54ª Sessão Ordinária - 12/08/2003
O Sr. DEPUTADO ANTÔNIO CERON - Sr. Presidente, Sras. Deputadas e Srs. Deputados, estava acompanhando o pronunciamento do Deputado Afrânio Boppré e embora concordasse com quase tudo com aquilo que S.Exa. proferiu, quero discordar de uma parte quando justifica o aumento de 1% do Governo Lula ao funcionalismo federal, dizendo da situação caótica e financeira do Governo Federal, talvez preparando o campo para votar favorável aqui no Estado a 1%, dizendo que a dívida faz com que o Governo não possa dar aumentos mais significativos.
E nesse aspecto quero discordar profundamente, Deputado Celestino Secco, porque uma coisa não tem nada a ver com a outra. Dívida pública, seja 5, 10 milhões ou 50 bilhões, compromete 13% no caso de Santa Catarina, e no Governo Federal é a mesma coisa. E para a despesa com pessoal existe uma outra rubrica orçamentária específica para essa questão.
Então, eu discordo completamente, Deputado Afrânio Boppré, da questão que talvez o Governo do Estado não possa dar mais do que 1%, assim como o Presidente Lula não pôde dar mais de 1% em função da situação.
Eu espero que a reunião de quinta-feira, que com certeza não será nem de adestramento nem de enquadramento, seja uma reunião que o convencimento do Governador não seja suficiente para que também aqui em Santa Catarina o PT comece rapidamente a rasgar aqueles seus compromissos históricos com o funcionalismo público do Estado de Santa Catarina.
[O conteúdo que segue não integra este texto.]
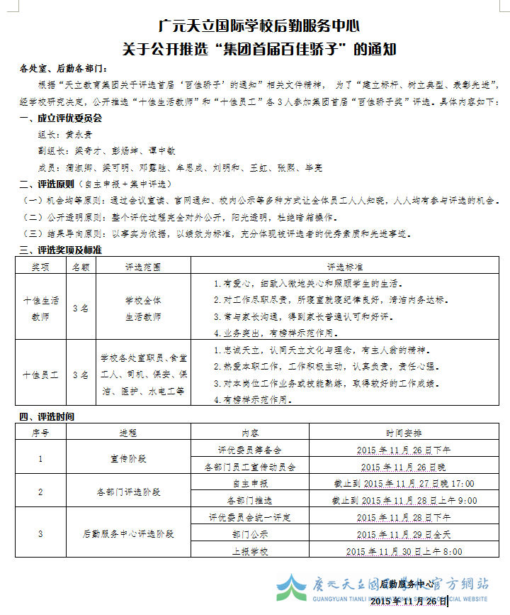 广元天立国际学校后勤服务中心 关于公开推选“集团首届百佳骄子”的通知

Mas gostaria de falar a respeito da dívida pública do Estado de Santa Catarina. Quero colocar o meu posicionamento a respeito desse tema que tem ocupado de maneira exagerada, com um conteúdo político muito forte, os noticiários nos últimos dias.
O Sr. Deputado Nelson Goetten - V.Exa. me concede um aparte?
O SR. DEPUTADO ANTÔNIO CERON - Pois não!
O Sr. Deputado Nelson Goetten - Aqui nesta Casa nós temos o direito e o dever de trazer para debate assuntos importantes. O Governo deixou de nos respeitar divulgando o aumento de salário, tentando enganar a sociedade que exigiu de nós um posicionamento. Nós queremos aprimorar o debate, temos esse direito, esse dever, queremos que o servidor seja respeitado e receba os 19% que tem direito.
O PT agora vai ter a oportunidade de votar contra o servidor aprovando o aumento de 1%, vai ter a oportunidade de mostrar que está do lado do servidor. O servidor está vivendo com muita dificuldade. E o PT vai ter que aprovar os 19%, porque é uma dívida que o Estado tem com o servidor.
Nós não concordamos com a atitude do Deputado Ronaldo Benedet, que é um Deputado experimentado, que não está no primeiro mandato, que é um cidadão de boa formação, de vir falar sobre máquinas. É uma baixaria por parte do Deputado que me surpreende!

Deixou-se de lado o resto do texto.